Dear Wormwood Wins Top Prize at IFFAM Project Market in Macao

 

Filipino filmmaker Eduardo ‘Dodo’ Dayao’s newest project Dear Wormwood has won the IFFAM Project Market’s award for “Best Project” held at the International Film Festival & Awards Macao this Sunday, December 8.

Securing the IFFAM Project Market’s highest award and $15,000, Dayao said, “I am very excited because it means we are on the right track with the film and all our hard work has been paid off so far.” Patti Lapus and Bradley Liew, the producers of Dear Wormwood, accompanied Dayao in receiving the award.

The film, currently in advanced development, has secured $85,000 of it’s proposed $525,000 budget according to Deadline.com. Dayao hopes to start shooting towards the end of next year.

Dear Wormwood tells the story of five women who live together in a forest where a mystery illness and cataclysmic events strike. Dayao himself describes his project as “a tropical sci-fi botanical apocalypse, a south-east Asian cosmic horror film” as well as a “Lovecraftian cosmic horror that seems like a tonal fit for our times.”

The project will be Dayao’s third film. His debut project Violator received acclaim and won various awards, most notably ‘Best Picture’ for the Cinema One Originals Digital Film Festival. 

Photo from the IFFAM website.

Dayao’s film competed against 13 other projects to claim the top prize. Among them, Everybody Leaves, another Filipino production by director Phyllis Grande and producer Alemberg Ang. Everybody Leaves is one of the three female-directed Auteur projects chosen in the IFFAM Project Market.

The IFFAM Project Market, held this year from December 6-8 as part of the fourth International Film Festival & Awards Macao, gives a platform for rising international filmmaking talents by organizing pitching events and project meetings for the films selected to participate. It is part of the IFFAM, an annual film festival organized by the Macao Government Tourism Office and the Macao Films & Television Productions and Culture Association. The festival selects about 50 films per year from around the globe to showcase.

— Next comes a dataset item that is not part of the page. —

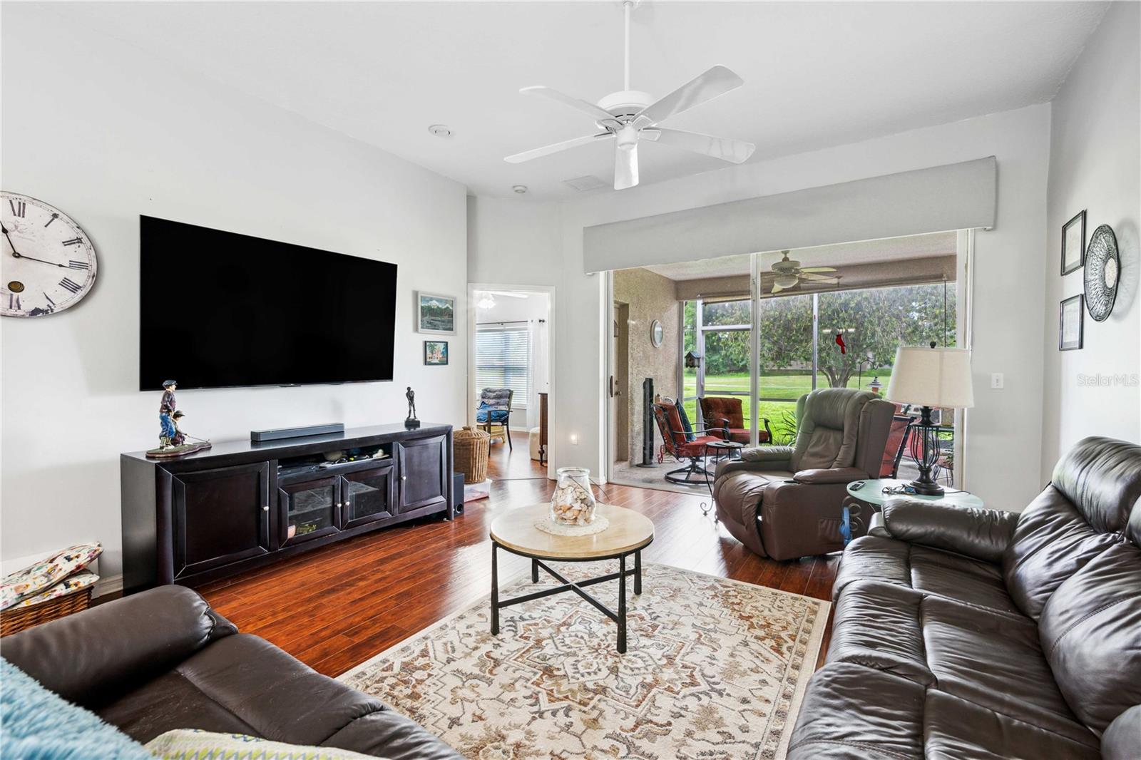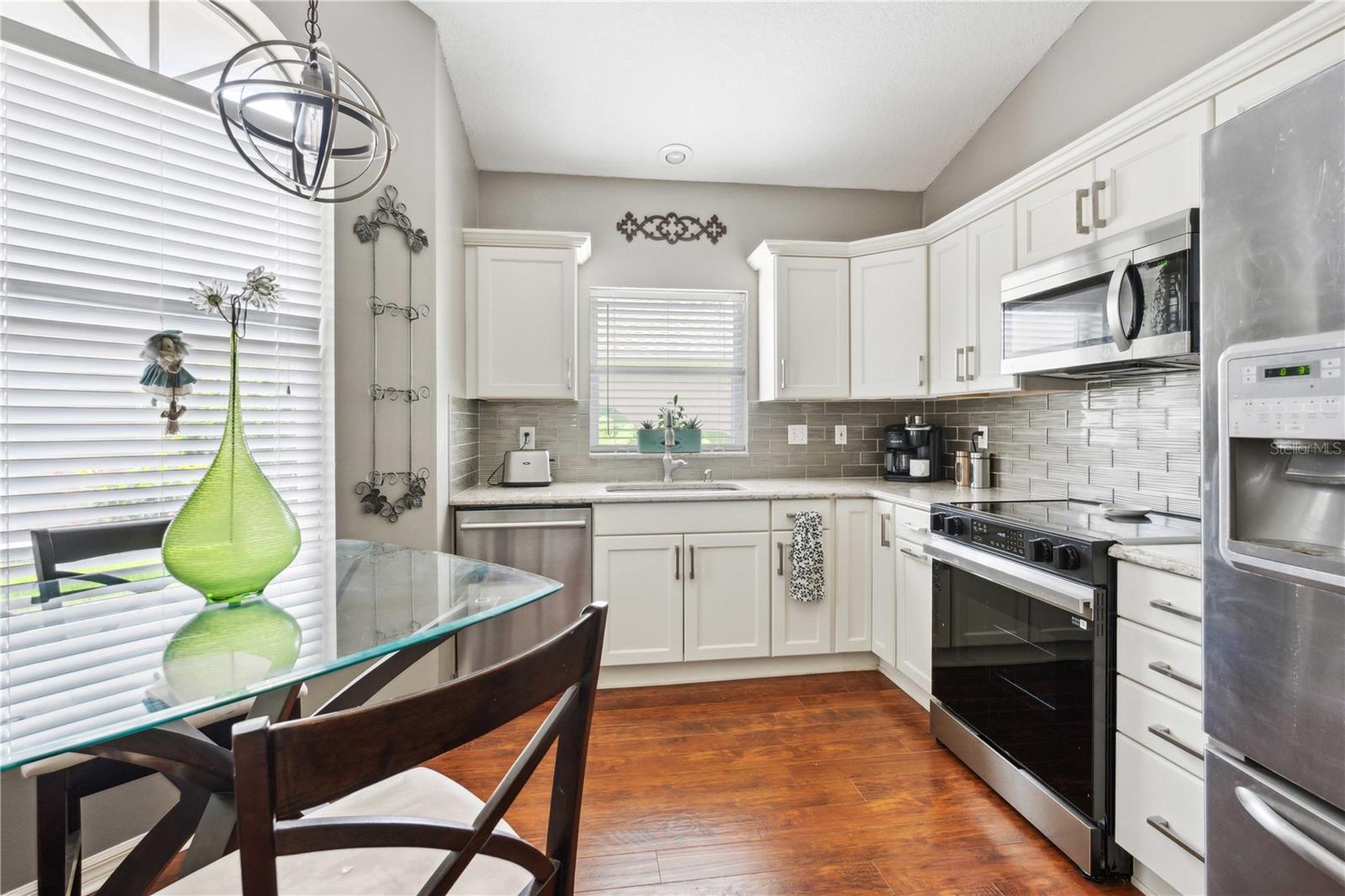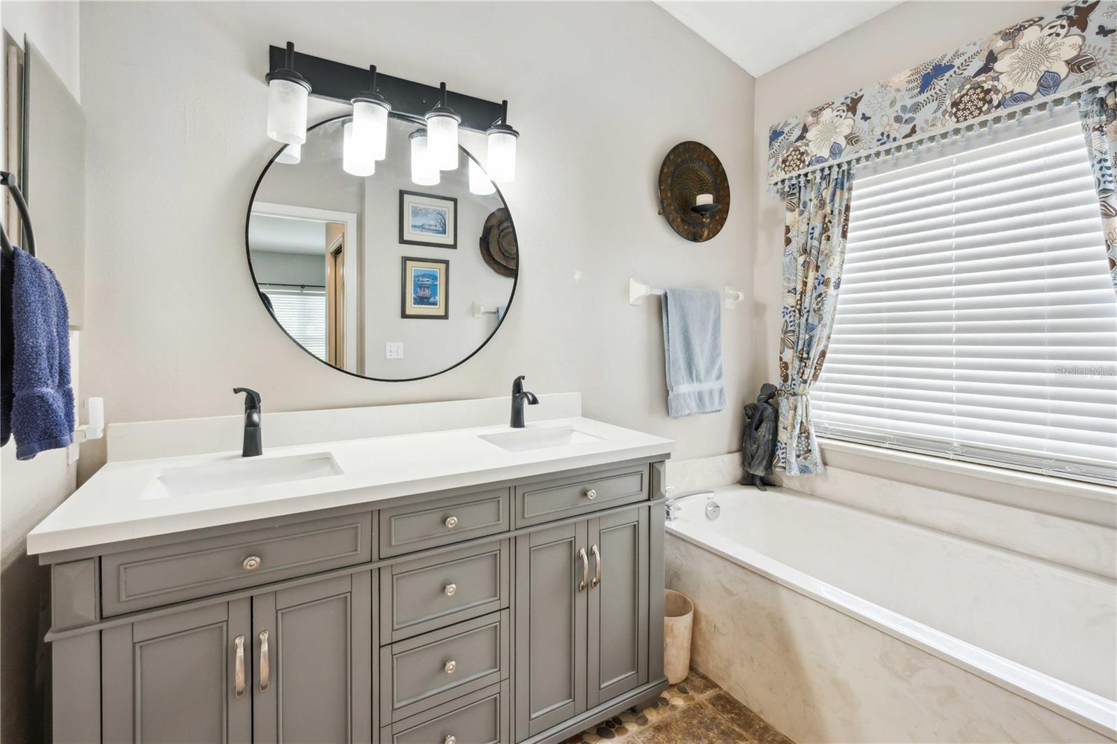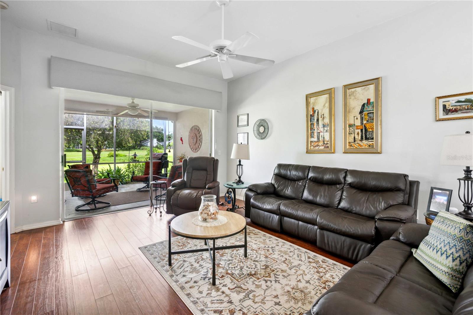 Enjoy golf course living in this beautifully updated 3-bedroom, 2.5-bath Villa located right by the 6th hole-perfect for early morning tee times or sunset strolls in the backyard. Step inside to find custom-built kitchen cabinetry with sleek Quartz Cambria countertops, a chef's delight whether you're whipping up snacks or holiday meals. The open floor plan boasts no carpeting, making spills a little less dramatic and clean ups a breeze. Tile floors flow throughout, including the entryway, lanai, and even the front porch. The tile lanai extends your living space into the outdoors-just right for sipping your morning coffee or relaxing with a good book. The primary bedroom is spacious and thoughtfully designed with an updated walk-in shower and a garden tub. Two additional bedroom and guest bath provide flexibility for family, hobbies, or visitors. Recent updates include a 2023 air conditioning system for year-round comfort, and the community HOA helps simplify life by covering the roof, exterior paint, and private road maintenance. Love your golf cart? It'll have its own garage space or can be used for storage. This villa combines thoughtful updates, low maintenance living, and a prime community location to provide a lifestyle that's convienent and comfortable. Great location near Publix and restaurants. Come take a look-your next chapter might just begin here.

From left to right: Matthijs Wouter Knol of European Film Market, Alemberg Ang of VYAC Productions, FDCP Chairperson and CEO Liza Diño, IFFAM Festival Management Head Lorna Tee, Oggs Cruz, Bradley Liew of Epicmedia, Director Phyllis Grande, Bianca Balbuena-Liew of Epicmedia, Patti Lapus and Director Dodo Dayao

FDCP Chairperson and CEO Liza Do was invited to attend this year’s IFFAM Project Market to meet with the project-makers and promote the newly launched FilmPhilippines location incentive. The FDCP sponsored initiative will provide financial incentives for international films that shoot in the Philippines starting next month, January 2020. 

Chair Liza noted the significance of FDCP participation in the IFFAM Project Market, “Proper project development,” she said, “is critical to make a well-made film that is globally competitive, and I'm really pleased that more and more Filipino filmmakers are seeing the importance of international project markets as a way to secure proper financing for their projects as well as valued partnerships. For filmmakers from a developing country like ours, access to production finance remains a challenge to independents filmmakers, so platforms like these allow them to find decision-makers who can see the potential of their film and invest in their vision.”

Embodying this very spirit of the IFFAM’s mission to engender international collaboration within the filmmaking industry, Irish director Lorcan Finnegan expressed his plans to shoot his upcoming film Nocebo in the Philippines. Finnegan, who received special mention in the IFFAM’s ‘Best Project’ competition for Nocebo, hopes to take up the FilmPhilippines location incentive for his upcoming project.